Data entries
# # # # # # #

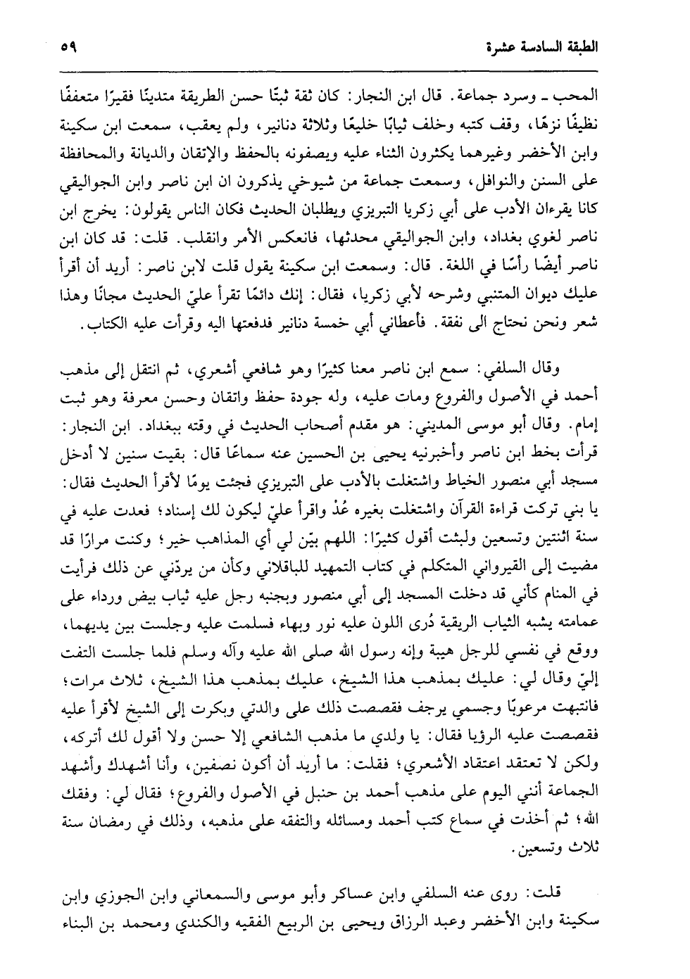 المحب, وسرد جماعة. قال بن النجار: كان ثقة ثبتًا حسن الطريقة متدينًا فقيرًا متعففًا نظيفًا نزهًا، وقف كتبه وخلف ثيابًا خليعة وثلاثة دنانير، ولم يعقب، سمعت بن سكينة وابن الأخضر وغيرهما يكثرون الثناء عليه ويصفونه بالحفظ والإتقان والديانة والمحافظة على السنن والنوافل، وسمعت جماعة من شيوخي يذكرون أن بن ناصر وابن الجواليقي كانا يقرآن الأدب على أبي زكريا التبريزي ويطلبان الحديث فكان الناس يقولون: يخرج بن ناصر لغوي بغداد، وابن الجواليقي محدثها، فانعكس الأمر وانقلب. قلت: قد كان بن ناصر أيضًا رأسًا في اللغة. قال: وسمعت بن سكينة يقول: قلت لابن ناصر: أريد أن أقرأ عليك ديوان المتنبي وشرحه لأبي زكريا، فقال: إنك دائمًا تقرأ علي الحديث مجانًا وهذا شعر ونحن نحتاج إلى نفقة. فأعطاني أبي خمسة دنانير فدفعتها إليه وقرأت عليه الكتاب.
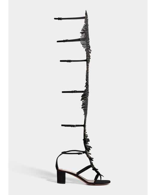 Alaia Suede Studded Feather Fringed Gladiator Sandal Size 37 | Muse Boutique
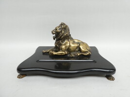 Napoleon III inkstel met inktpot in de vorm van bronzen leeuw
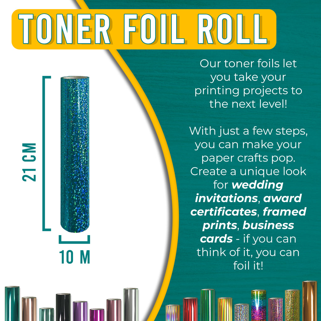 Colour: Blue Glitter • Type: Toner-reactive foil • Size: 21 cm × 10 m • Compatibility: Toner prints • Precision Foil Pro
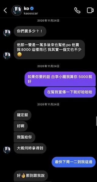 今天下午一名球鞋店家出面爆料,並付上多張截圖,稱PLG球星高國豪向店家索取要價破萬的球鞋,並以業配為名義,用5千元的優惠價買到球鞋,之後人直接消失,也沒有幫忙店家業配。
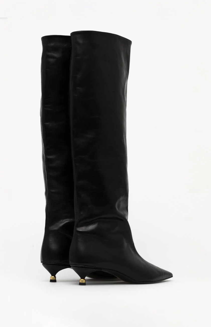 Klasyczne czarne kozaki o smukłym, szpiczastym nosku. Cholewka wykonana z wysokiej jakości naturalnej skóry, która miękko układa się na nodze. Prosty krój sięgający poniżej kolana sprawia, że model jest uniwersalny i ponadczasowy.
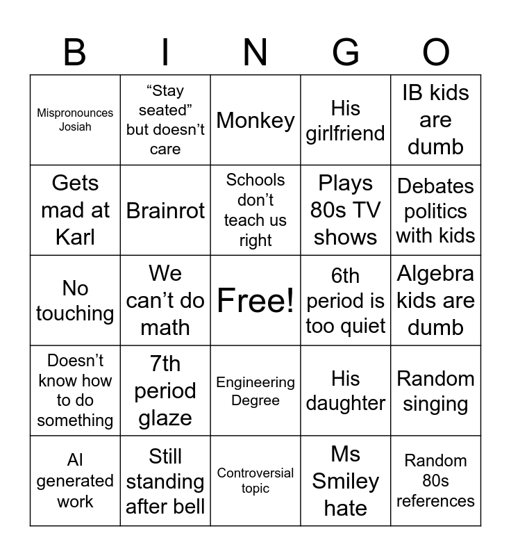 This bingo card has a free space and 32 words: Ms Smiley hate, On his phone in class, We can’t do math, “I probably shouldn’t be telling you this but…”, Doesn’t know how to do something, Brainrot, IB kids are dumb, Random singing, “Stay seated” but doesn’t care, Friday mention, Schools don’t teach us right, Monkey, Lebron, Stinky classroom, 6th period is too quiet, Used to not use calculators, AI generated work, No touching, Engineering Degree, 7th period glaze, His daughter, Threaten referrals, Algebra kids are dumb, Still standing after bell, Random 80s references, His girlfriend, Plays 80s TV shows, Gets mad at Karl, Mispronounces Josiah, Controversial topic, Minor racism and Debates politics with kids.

# # # # # # #

TASK DETAILS →
Repeat the data in full, exactly as it stands, but drop every picture.

THE COMPLETED TASK →
 المحب, وسرد جماعة. قال بن النجار: كان ثقة ثبتًا حسن الطريقة متدينًا فقيرًا متعففًا نظيفًا نزهًا، وقف كتبه وخلف ثيابًا خليعة وثلاثة دنانير، ولم يعقب، سمعت بن سكينة وابن الأخضر وغيرهما يكثرون الثناء عليه ويصفونه بالحفظ والإتقان والديانة والمحافظة على السنن والنوافل، وسمعت جماعة من شيوخي يذكرون أن بن ناصر وابن الجواليقي كانا يقرآن الأدب على أبي زكريا التبريزي ويطلبان الحديث فكان الناس يقولون: يخرج بن ناصر لغوي بغداد، وابن الجواليقي محدثها، فانعكس الأمر وانقلب. قلت: قد كان بن ناصر أيضًا رأسًا في اللغة. قال: وسمعت بن سكينة يقول: قلت لابن ناصر: أريد أن أقرأ عليك ديوان المتنبي وشرحه لأبي زكريا، فقال: إنك دائمًا تقرأ علي الحديث مجانًا وهذا شعر ونحن نحتاج إلى نفقة. فأعطاني أبي خمسة دنانير فدفعتها إليه وقرأت عليه الكتاب.
 Alaia Suede Studded Feather Fringed Gladiator Sandal Size 37 | Muse Boutique
 Napoleon III inkstel met inktpot in de vorm van bronzen leeuw
 Colour: Blue Glitter • Type: Toner-reactive foil • Size: 21 cm × 10 m • Compatibility: Toner prints • Precision Foil Pro
 今天下午一名球鞋店家出面爆料,並付上多張截圖,稱PLG球星高國豪向店家索取要價破萬的球鞋,並以業配為名義,用5千元的優惠價買到球鞋,之後人直接消失,也沒有幫忙店家業配。
 Klasyczne czarne kozaki o smukłym, szpiczastym nosku. Cholewka wykonana z wysokiej jakości naturalnej skóry, która miękko układa się na nodze. Prosty krój sięgający poniżej kolana sprawia, że model jest uniwersalny i ponadczasowy.
 This bingo card has a free space and 32 words: Ms Smiley hate, On his phone in class, We can’t do math, “I probably shouldn’t be telling you this but…”, Doesn’t know how to do something, Brainrot, IB kids are dumb, Random singing, “Stay seated” but doesn’t care, Friday mention, Schools don’t teach us right, Monkey, Lebron, Stinky classroom, 6th period is too quiet, Used to not use calculators, AI generated work, No touching, Engineering Degree, 7th period glaze, His daughter, Threaten referrals, Algebra kids are dumb, Still standing after bell, Random 80s references, His girlfriend, Plays 80s TV shows, Gets mad at Karl, Mispronounces Josiah, Controversial topic, Minor racism and Debates politics with kids.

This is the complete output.